• [ACTIVITY] No picture should appear in the copy. Transcribe exactly, and only, the lines from the one with "Είναι ένα παιδί" through the last line of the data below.

• [PROVIDED MATERIAL]

+ + +

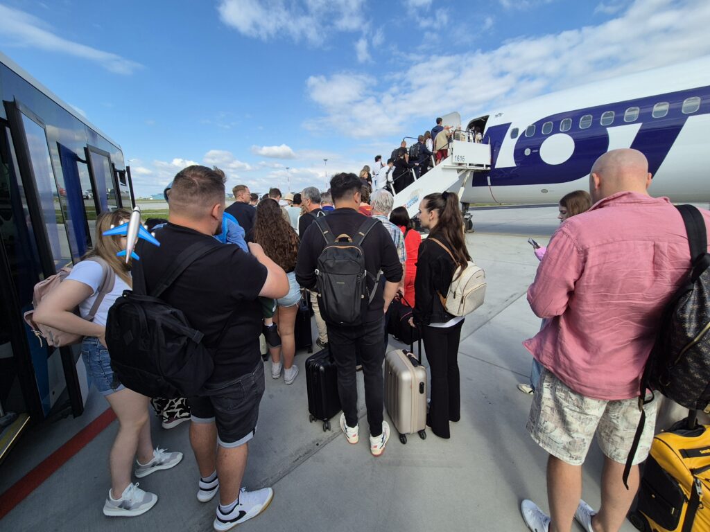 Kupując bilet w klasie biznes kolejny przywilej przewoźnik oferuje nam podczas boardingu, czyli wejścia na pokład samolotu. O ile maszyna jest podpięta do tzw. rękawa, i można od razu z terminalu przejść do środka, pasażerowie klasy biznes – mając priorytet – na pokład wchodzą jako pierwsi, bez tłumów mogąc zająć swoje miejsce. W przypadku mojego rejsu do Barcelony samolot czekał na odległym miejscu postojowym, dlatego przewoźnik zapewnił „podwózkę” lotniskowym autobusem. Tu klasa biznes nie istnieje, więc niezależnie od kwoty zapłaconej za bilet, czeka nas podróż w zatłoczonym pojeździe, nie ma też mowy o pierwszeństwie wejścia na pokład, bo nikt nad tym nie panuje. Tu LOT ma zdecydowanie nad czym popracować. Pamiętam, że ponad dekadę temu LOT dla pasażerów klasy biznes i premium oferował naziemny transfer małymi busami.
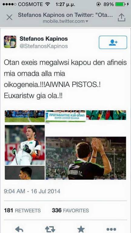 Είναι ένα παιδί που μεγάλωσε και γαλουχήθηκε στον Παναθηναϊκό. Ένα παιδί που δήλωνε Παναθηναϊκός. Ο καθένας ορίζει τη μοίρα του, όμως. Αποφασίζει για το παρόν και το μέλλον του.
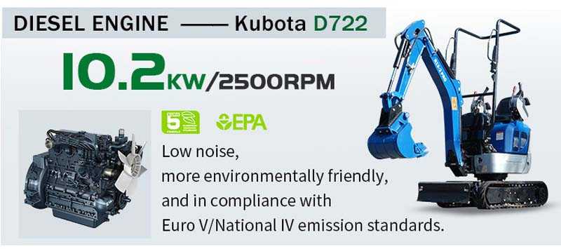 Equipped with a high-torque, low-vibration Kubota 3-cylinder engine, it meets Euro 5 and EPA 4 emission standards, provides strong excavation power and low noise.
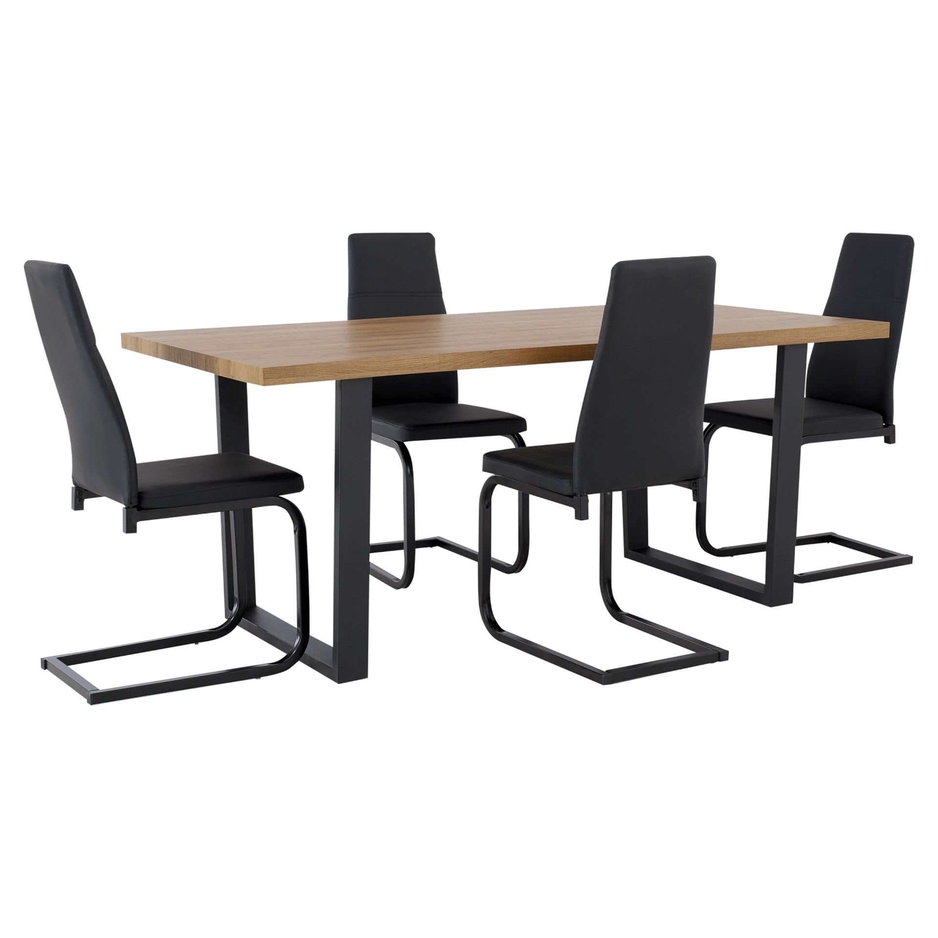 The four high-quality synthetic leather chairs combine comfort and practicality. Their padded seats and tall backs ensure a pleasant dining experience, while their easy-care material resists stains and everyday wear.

+ + +

• [WRITTEN RESPONSE]
 Είναι ένα παιδί που μεγάλωσε και γαλουχήθηκε στον Παναθηναϊκό. Ένα παιδί που δήλωνε Παναθηναϊκός. Ο καθένας ορίζει τη μοίρα του, όμως. Αποφασίζει για το παρόν και το μέλλον του.
 Equipped with a high-torque, low-vibration Kubota 3-cylinder engine, it meets Euro 5 and EPA 4 emission standards, provides strong excavation power and low noise.
 The four high-quality synthetic leather chairs combine comfort and practicality. Their padded seats and tall backs ensure a pleasant dining experience, while their easy-care material resists stains and everyday wear.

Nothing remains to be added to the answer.